## Items from a data source
◇ ◇ ◇

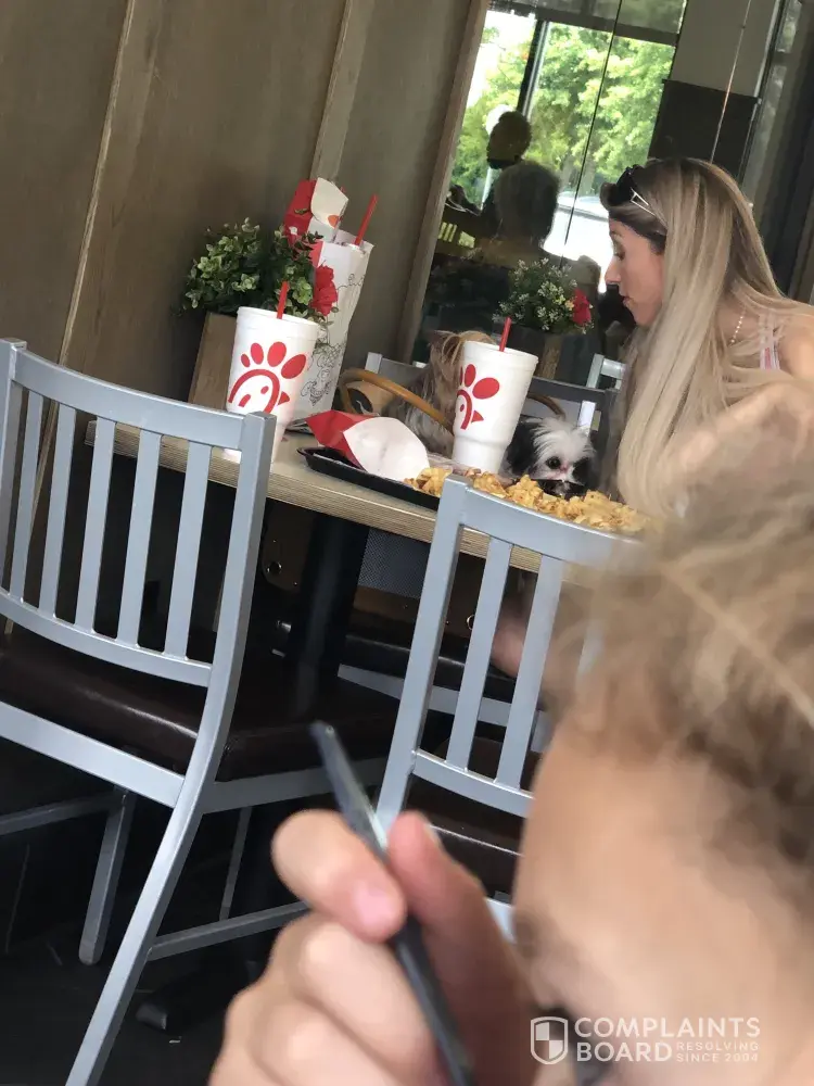 This was at the Evans Chick-Fil-A today. I'm tired of people treating their pets better than their kids. This lady got up and left 3 small children, 1in a high chair alone, but made sure she took her not one but 2 so called service dogs! It was disgusting eating and having those dogs at the table across from us. Enough is enough. A real service dog would sit at the foot has his master and not eat off the restaurant table. The workers actually engaged in conversation to say how cute! 🙄😳
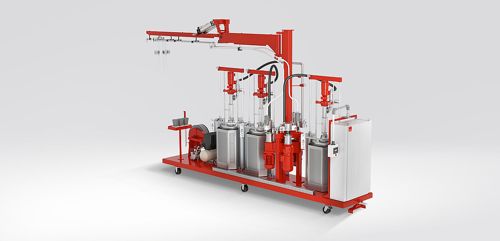 El sistema gluemix es un sistema de dosificación con bombas de engranajes de diseño compacto que operan sin disolventes. Se utiliza para procesar materiales multicomponente de viscosidad baja a alta a base de, p. ej. poliuretano y epoxy. El material se suministra por medio de depósitos a presión del producto o desde el bidón original.
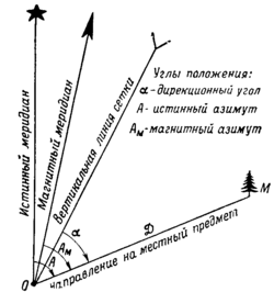 При ориентировании по сторонам горизонта за направление меридиана обычно принимают направление магнитной стрелки компаса. Оно не совпадает с направлением истинного меридиана и лишь приближенно указывает направление север—юг. Направление магнитной стрелки называется в отличие от истинного (географического) меридиана магнитным меридианом.
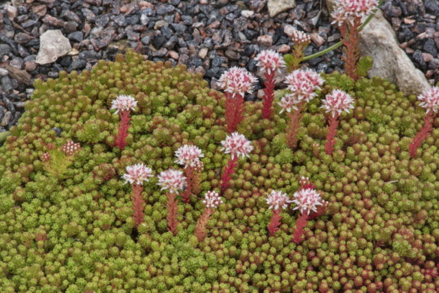 Sedum is a common ground cover plant, against which other garden flowers stand out well.
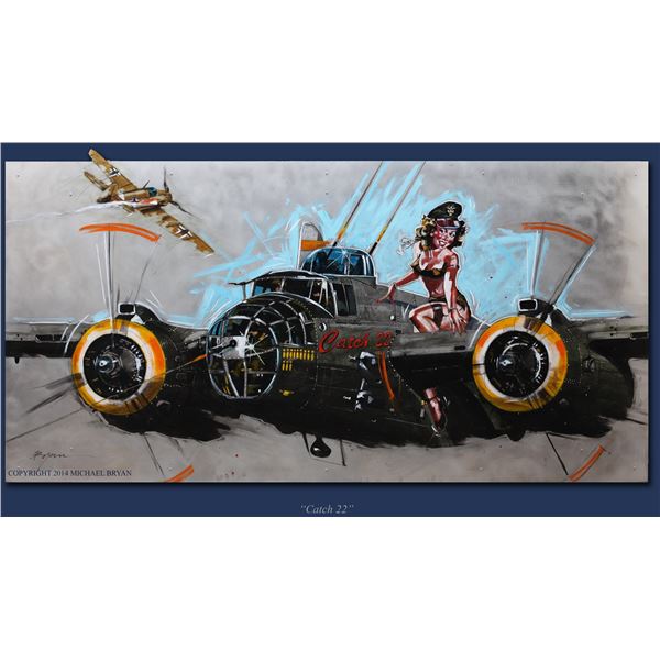 Michael Bryan "Catch 22" is a 20x40" Unique handworked giclee on canvas 1/1 Features the famous WWII twin-engine B-24 fighter .
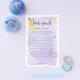 ¡Diviértete un poco en tu ducha con esta actividad tan fácil! Compra 10 artículos para bebés y muéstralos en una mesa para este divertido juego de adivinanzas de precios. ¡No te olvides de guardar el recibo! Que los huéspedes adivinen el precio y lo registren en la tarjeta. ¡Alza los precios para encontrar a tu ganador! Agregue el texto personalizado utilizando el formulario de plantilla. Utilice el papel de valor para facilitar la escritura.
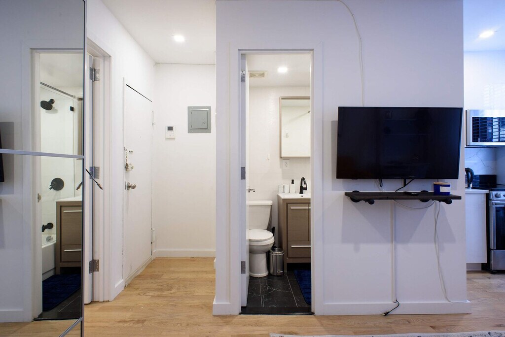 Welcome to your perfect Manhattan retreat! This fully furnished 1-bedroom apartment offers a blend of comfort, style, and convenience in a boutique walk-up building. Located in the heart of the Lower East Side, you’ll be just steps away from Soho, top restaurants, bars, coffee shops, and shopping stores. The apartment features hardwood floors, a comfortable marble bathroom with a standing shower, a spacious living room with a full-size sofa, a 48' smart TV, and high-speed Wi-Fi. The warm and cozy kitchen is equipped with a full-size fridge, oven, stove, microwave, and dishwasher, perfect for preparing meals and snacks. The bedroom has a full-size bed with a memory foam mattress for restful sleep. This secure boutique building offers a safe and quiet walk-up residence in a prime location, close to everything, including subways, cafes, restaurants, grocery stores, theaters, gyms, shopping, music shops, and NYU hospitals. This brand new apartment in the Lower East Side of Manhattan offers guests the chance to stay in comfort and style. The modern and sleek design of the space provides a comfortable and inviting atmosphere. The living room is equipped with a comfortable workspace, a 4K UHD SmartTV, and an XL closet for your convenience. The fully accessorized kitchen features all the necessary appliances and cookware for your convenience. The apartment is fully furnished with all new furniture, making it move-in ready, and guests will receive clean linens and towels upon arrival for added comfort. Under 15-pound dogs are allowed with owner approval and a $350 pet fee. Only one pet is allowed. Lower East Side is the most vibrant Manhattan neighborhood of New York, with plenty of restaurants, cafes, bars, galleries, and shops. Walk to SoHo or over the spectacular Manhattan Bridge. The LES of Manhattan is full of history and culture, making it one of the most interesting parts of NYC. Packed with hipster-baiting cafes, galleries, and shops on every corner, the artistic and bohemian spirit that characterized the neighborhood persists, and everything from the coffee shops to the bars has a unique and creative edge. There are endless things to do and see here! F, M, J, and Z subway stations are within short walking distance. New York City's heating season is until the end of May. Beginning around mid-April, window air conditioning will be installed in the apartment. Guests can contact the host for any problem or question they may have, and any issue will be handled personally by the host or their team. Personal check-in and welcome home tour are provided to every guest, with remote check-in also available for COVID safety. No smoking and no parties are allowed. Please keep quiet and respectful for your neighbors and follow trash recycle rules. The living room is equipped with a comfortable workspace and high-speed Wi-Fi throughout the apartment. A laptop computer is not included. [SI]

◇ ◇ ◇

## Task requirements
Print the records exactly and omit all pictures.

## Output below
 This was at the Evans Chick-Fil-A today. I'm tired of people treating their pets better than their kids. This lady got up and left 3 small children, 1in a high chair alone, but made sure she took her not one but 2 so called service dogs! It was disgusting eating and having those dogs at the table across from us. Enough is enough. A real service dog would sit at the foot has his master and not eat off the restaurant table. The workers actually engaged in conversation to say how cute! 🙄😳
 El sistema gluemix es un sistema de dosificación con bombas de engranajes de diseño compacto que operan sin disolventes. Se utiliza para procesar materiales multicomponente de viscosidad baja a alta a base de, p. ej. poliuretano y epoxy. El material se suministra por medio de depósitos a presión del producto o desde el bidón original.
 При ориентировании по сторонам горизонта за направление меридиана обычно принимают направление магнитной стрелки компаса. Оно не совпадает с направлением истинного меридиана и лишь приближенно указывает направление север—юг. Направление магнитной стрелки называется в отличие от истинного (географического) меридиана магнитным меридианом.
 Sedum is a common ground cover plant, against which other garden flowers stand out well.
 Michael Bryan "Catch 22" is a 20x40" Unique handworked giclee on canvas 1/1 Features the famous WWII twin-engine B-24 fighter .
 ¡Diviértete un poco en tu ducha con esta actividad tan fácil! Compra 10 artículos para bebés y muéstralos en una mesa para este divertido juego de adivinanzas de precios. ¡No te olvides de guardar el recibo! Que los huéspedes adivinen el precio y lo registren en la tarjeta. ¡Alza los precios para encontrar a tu ganador! Agregue el texto personalizado utilizando el formulario de plantilla. Utilice el papel de valor para facilitar la escritura.
 Welcome to your perfect Manhattan retreat! This fully furnished 1-bedroom apartment offers a blend of comfort, style, and convenience in a boutique walk-up building. Located in the heart of the Lower East Side, you’ll be just steps away from Soho, top restaurants, bars, coffee shops, and shopping stores. The apartment features hardwood floors, a comfortable marble bathroom with a standing shower, a spacious living room with a full-size sofa, a 48' smart TV, and high-speed Wi-Fi. The warm and cozy kitchen is equipped with a full-size fridge, oven, stove, microwave, and dishwasher, perfect for preparing meals and snacks. The bedroom has a full-size bed with a memory foam mattress for restful sleep. This secure boutique building offers a safe and quiet walk-up residence in a prime location, close to everything, including subways, cafes, restaurants, grocery stores, theaters, gyms, shopping, music shops, and NYU hospitals. This brand new apartment in the Lower East Side of Manhattan offers guests the chance to stay in comfort and style. The modern and sleek design of the space provides a comfortable and inviting atmosphere. The living room is equipped with a comfortable workspace, a 4K UHD SmartTV, and an XL closet for your convenience. The fully accessorized kitchen features all the necessary appliances and cookware for your convenience. The apartment is fully furnished with all new furniture, making it move-in ready, and guests will receive clean linens and towels upon arrival for added comfort. Under 15-pound dogs are allowed with owner approval and a $350 pet fee. Only one pet is allowed. Lower East Side is the most vibrant Manhattan neighborhood of New York, with plenty of restaurants, cafes, bars, galleries, and shops. Walk to SoHo or over the spectacular Manhattan Bridge. The LES of Manhattan is full of history and culture, making it one of the most interesting parts of NYC. Packed with hipster-baiting cafes, galleries, and shops on every corner, the artistic and bohemian spirit that characterized the neighborhood persists, and everything from the coffee shops to the bars has a unique and creative edge. There are endless things to do and see here! F, M, J, and Z subway stations are within short walking distance. New York City's heating season is until the end of May. Beginning around mid-April, window air conditioning will be installed in the apartment. Guests can contact the host for any problem or question they may have, and any issue will be handled personally by the host or their team. Personal check-in and welcome home tour are provided to every guest, with remote check-in also available for COVID safety. No smoking and no parties are allowed. Please keep quiet and respectful for your neighbors and follow trash recycle rules. The living room is equipped with a comfortable workspace and high-speed Wi-Fi throughout the apartment. A laptop computer is not included. [SI]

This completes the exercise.